Thanks for the chance to help. I am an attorney with over 12 years experience. Hopefully I can help you with your legal question.

What you are describing is a breach of contract...that is, under contract law both parties have a duty to "negotiate in good faith"...part of this is the duty not to lie to the other party.

So if the seller lied to you during the negotiations?

That can be plead as a breach of contract.

Please let me know if you have more questions. I am happy to help if I can. Otherwise, please rate the answer so I may get credit for my work.

Customer: replied 6 months ago.
No, the seller did not disclose material defects. The disclosure stated everything was great, but after moving in, there were numerous issues. What is the easiest to prove of the ones mentioned?

Again, if the seller lied (or withheld information) then your cause of action would be breach of contract.

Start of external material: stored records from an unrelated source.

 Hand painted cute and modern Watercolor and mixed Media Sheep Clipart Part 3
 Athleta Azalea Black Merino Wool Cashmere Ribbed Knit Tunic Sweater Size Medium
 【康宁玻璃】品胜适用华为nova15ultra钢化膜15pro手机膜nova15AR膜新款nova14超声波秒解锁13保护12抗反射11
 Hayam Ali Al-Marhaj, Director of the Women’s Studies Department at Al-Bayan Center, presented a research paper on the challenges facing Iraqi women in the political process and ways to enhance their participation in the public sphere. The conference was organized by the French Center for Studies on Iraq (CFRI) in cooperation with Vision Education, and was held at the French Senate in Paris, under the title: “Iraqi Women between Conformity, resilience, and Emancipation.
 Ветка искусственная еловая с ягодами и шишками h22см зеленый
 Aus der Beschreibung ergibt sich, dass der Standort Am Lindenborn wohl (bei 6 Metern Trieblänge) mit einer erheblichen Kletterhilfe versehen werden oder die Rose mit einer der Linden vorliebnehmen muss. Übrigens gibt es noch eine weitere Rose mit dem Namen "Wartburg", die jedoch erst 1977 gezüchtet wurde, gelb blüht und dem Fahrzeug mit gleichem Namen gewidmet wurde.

Customer: replied 6 months ago.
Why not deceptive trade, seems easier to prove.

You can certainly make that case as well...the law allows you to plead multiple "causes of action".

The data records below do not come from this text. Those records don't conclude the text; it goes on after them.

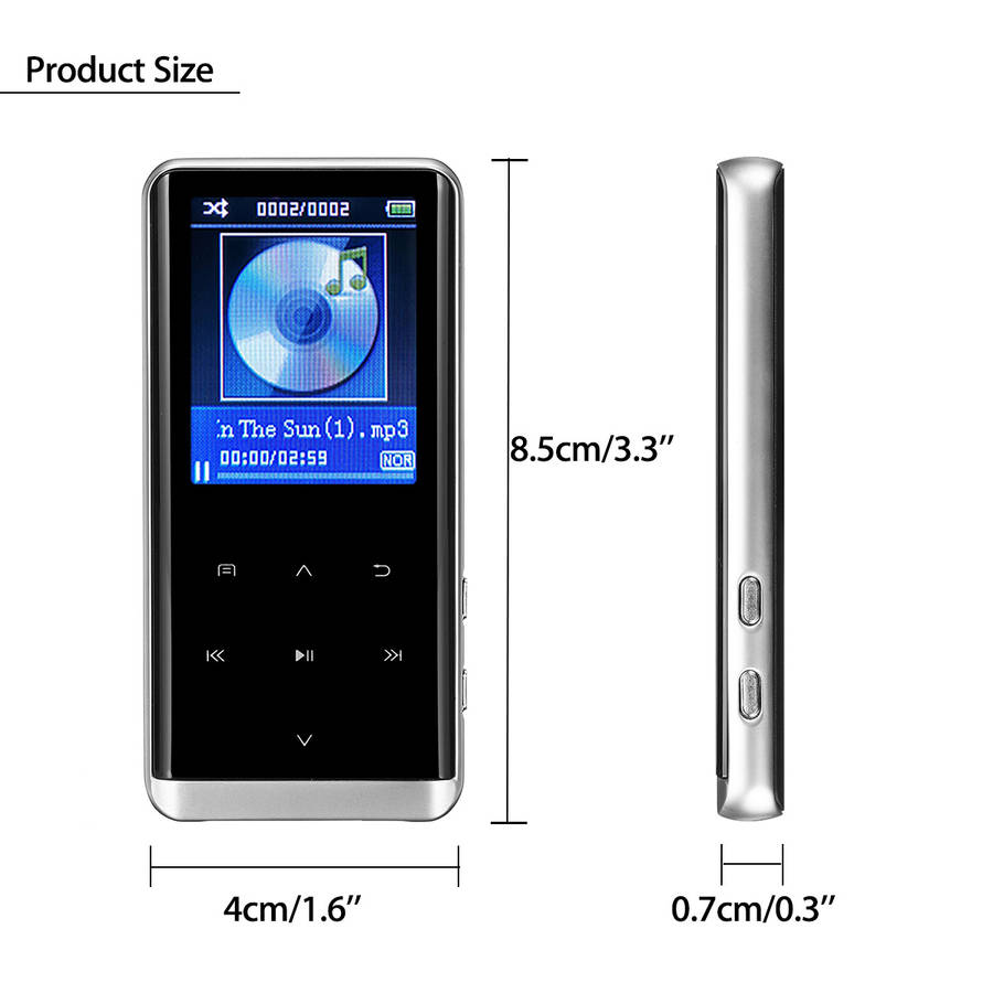 Specification: Name: Portable bluetooth MP3 player Model: M13 Material: CNC metal one, double curved glass screen Built-in memory: 8G/16G Resolution: 128 x 160 bluetooth version: CSRa 4.2 Battery power: 800mAh Frequency response: 20Hz-20KHz Charging time: About 1.5 hours Play time: 48 hours Reading time: 78 hours Distortion: <0.008% Recording format: MP3/WAV Play format: MP3/WMA/WAV/APE/FLAC Signal to noise ratio: >90db Size: 8.5 x 4 x 0.7cm / 3.3 x 1.6 x 0.3inch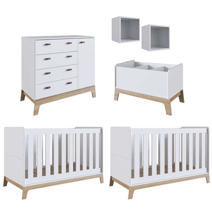 Quarto Infantil Para Gêmeos com Berços 3 em 1 + Cômoda 04 Gavetas e 01 Porta + Caixa de Brinquedos com divisórias + Nichos de Parede - Linha Favo de Mel. Estrutura em MDP de 15mm, com acabamento em pintura BP (Fosco). Porta com dobradiças metálicas e prateleira interna, gavetas com corrediças metálicas, puxadores modernos e requintados, os Berços transformam-se em mini cama, facilitando e tornando prático para a mamãe e o papai no decorrer dos meses, suporte do estrado em madeira e os lastros do estrado são em MDF, possui três opções para regulagem de altura do colchão (colchão não incluso), as grades são fixas e de talas largas em MDF proporcionando maior segurança e tranquilidade aos pais, e são indicados para colchão medindo 130x60 cm, conta com suporte para mosquiteiro. A Caixa para Brinquedos e os nichos de parede irão garantir a organização e decoração do ambiente. Mais produtos da Linha Favo de Mel, você encontra em nosso site, podendo fazer a composição completa para o quartinho do bebê. Estes móveis chegarão em sua casa separados em 07 volumes.
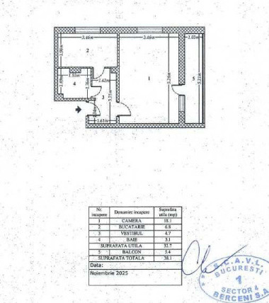 Alcatuit din: camere -1, bucatarie- 1, bai- 1, balcon- 1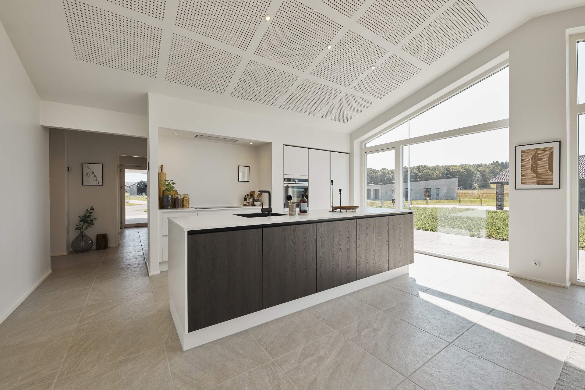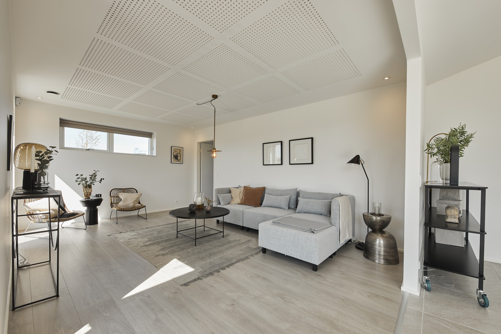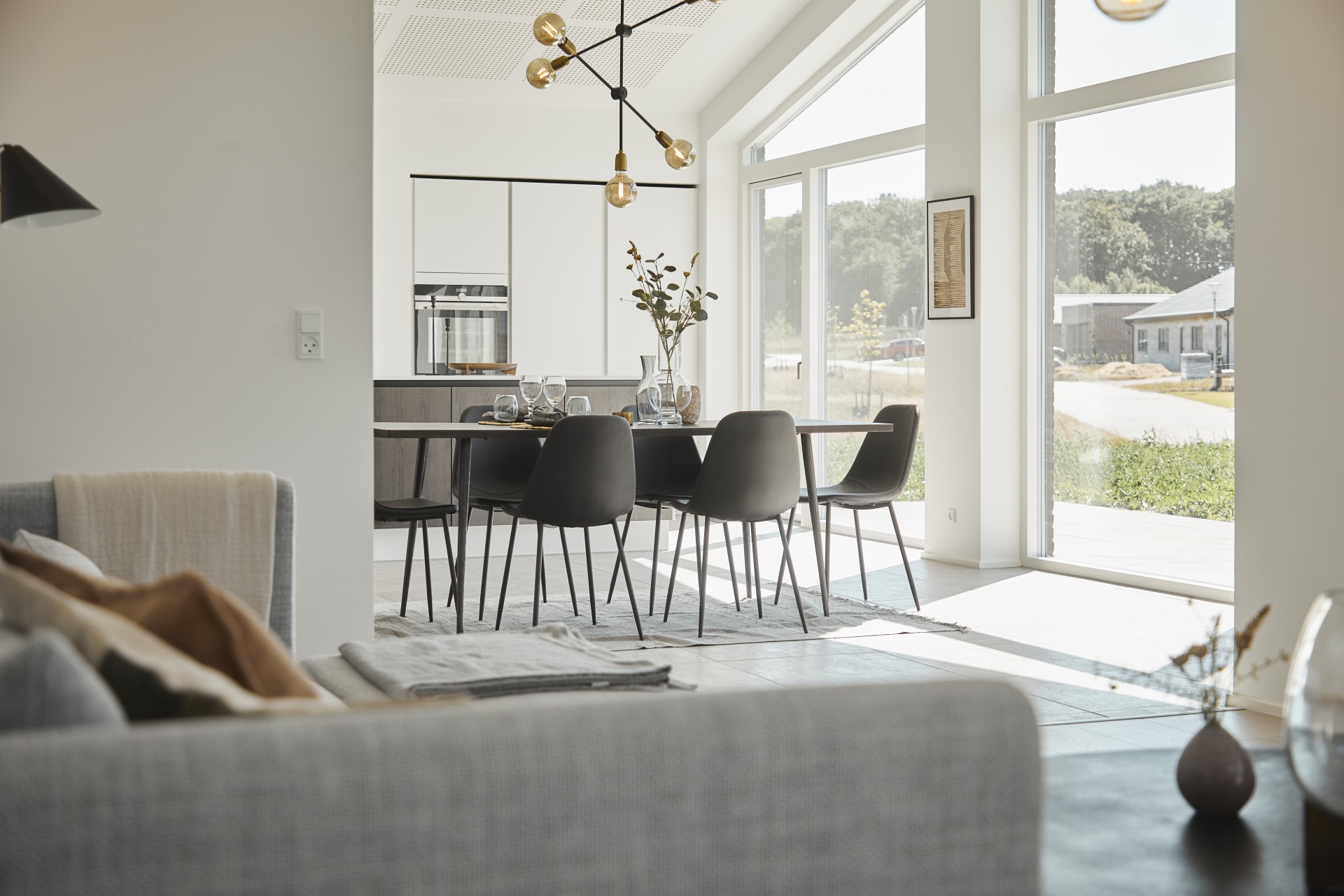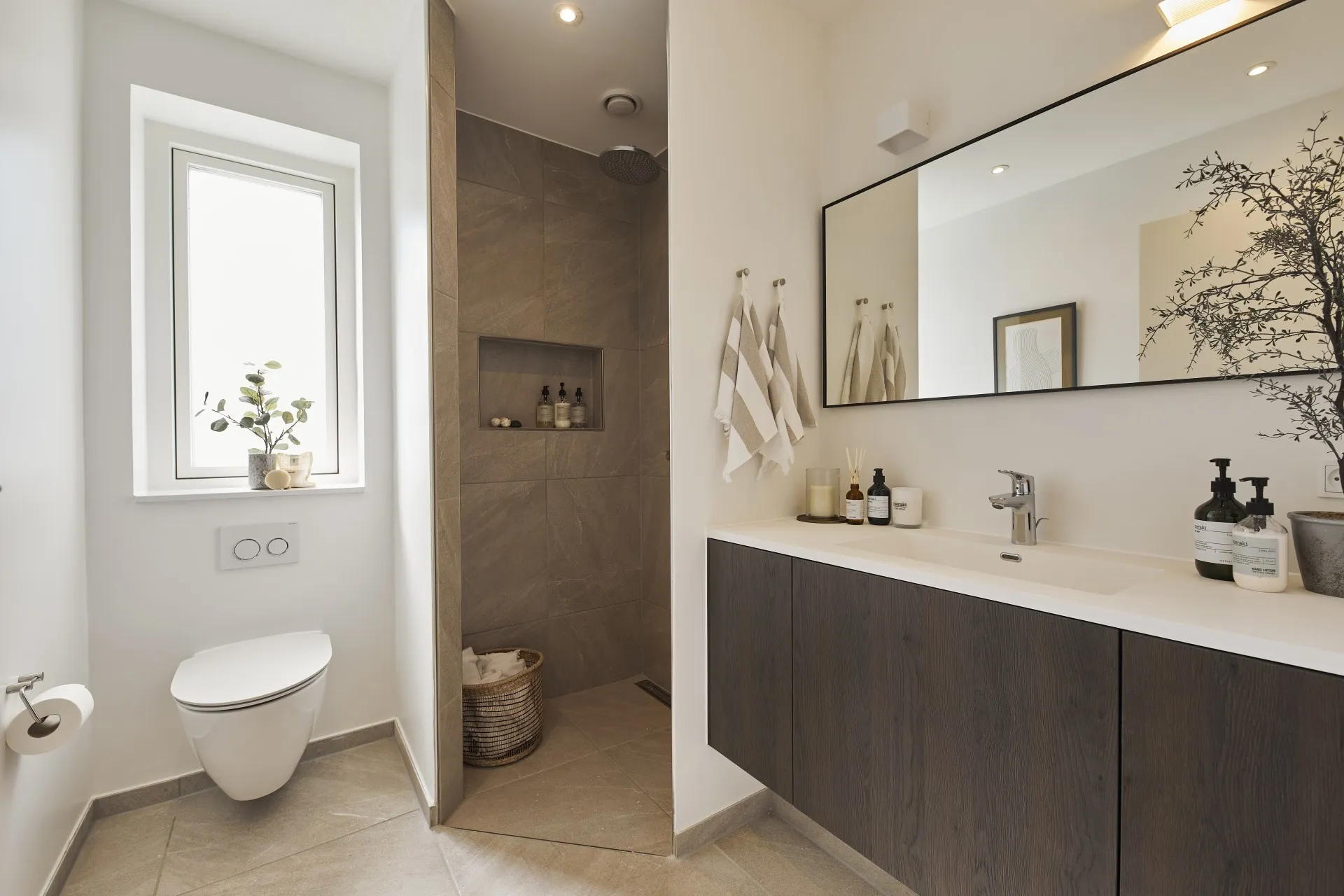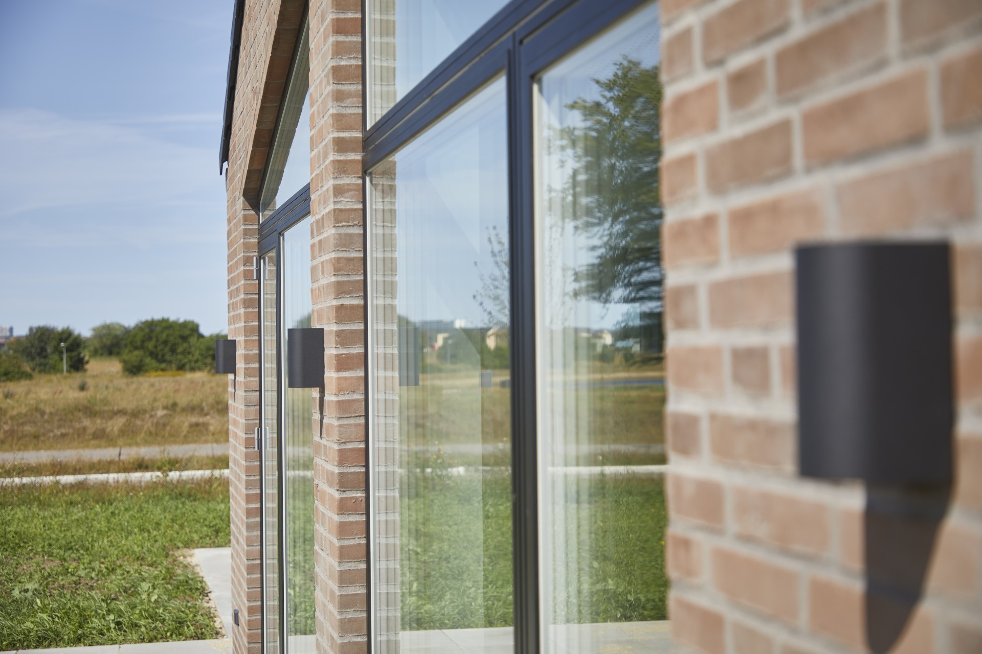 Mursten: Mocca Richs med anthrazit fuge. Klinker: Atrium Tabor Perla. Gulv: Hybel 86

But frankly speaking, if you can prove the seller withheld information during the negotiations? That will allow you to prove breach of contract.

Customer: replied 6 months ago.
Not to be impolite but you really did not answer the question. I needed why one is better than the other, why one type of action is better or worse than the other. Which one is easiest to prove and why.

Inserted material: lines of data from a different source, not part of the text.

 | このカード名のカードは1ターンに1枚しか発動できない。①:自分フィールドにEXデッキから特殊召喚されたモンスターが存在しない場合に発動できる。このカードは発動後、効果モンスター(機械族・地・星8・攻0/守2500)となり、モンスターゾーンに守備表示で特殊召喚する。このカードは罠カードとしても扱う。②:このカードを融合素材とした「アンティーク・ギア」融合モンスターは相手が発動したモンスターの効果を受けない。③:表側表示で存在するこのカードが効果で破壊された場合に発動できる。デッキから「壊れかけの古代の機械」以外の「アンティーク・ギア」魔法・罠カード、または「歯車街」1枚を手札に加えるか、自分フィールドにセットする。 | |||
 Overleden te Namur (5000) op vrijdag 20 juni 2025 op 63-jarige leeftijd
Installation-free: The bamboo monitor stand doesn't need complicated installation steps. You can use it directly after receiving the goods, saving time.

No worries...and sorry for the confusion.

Breach of contract is easier to prove, in my opinion...since to prove, you only need to show that the seller lied to you or misled you on a material provision of the contract.

Deceptive trade practices is, in my opinion more complex because it is based on this code

http://www.statutes.legis.state.tx.us/SOTWDocs/BC/htm/BC.17.htm

You have to prove violation of this code...and all included elements.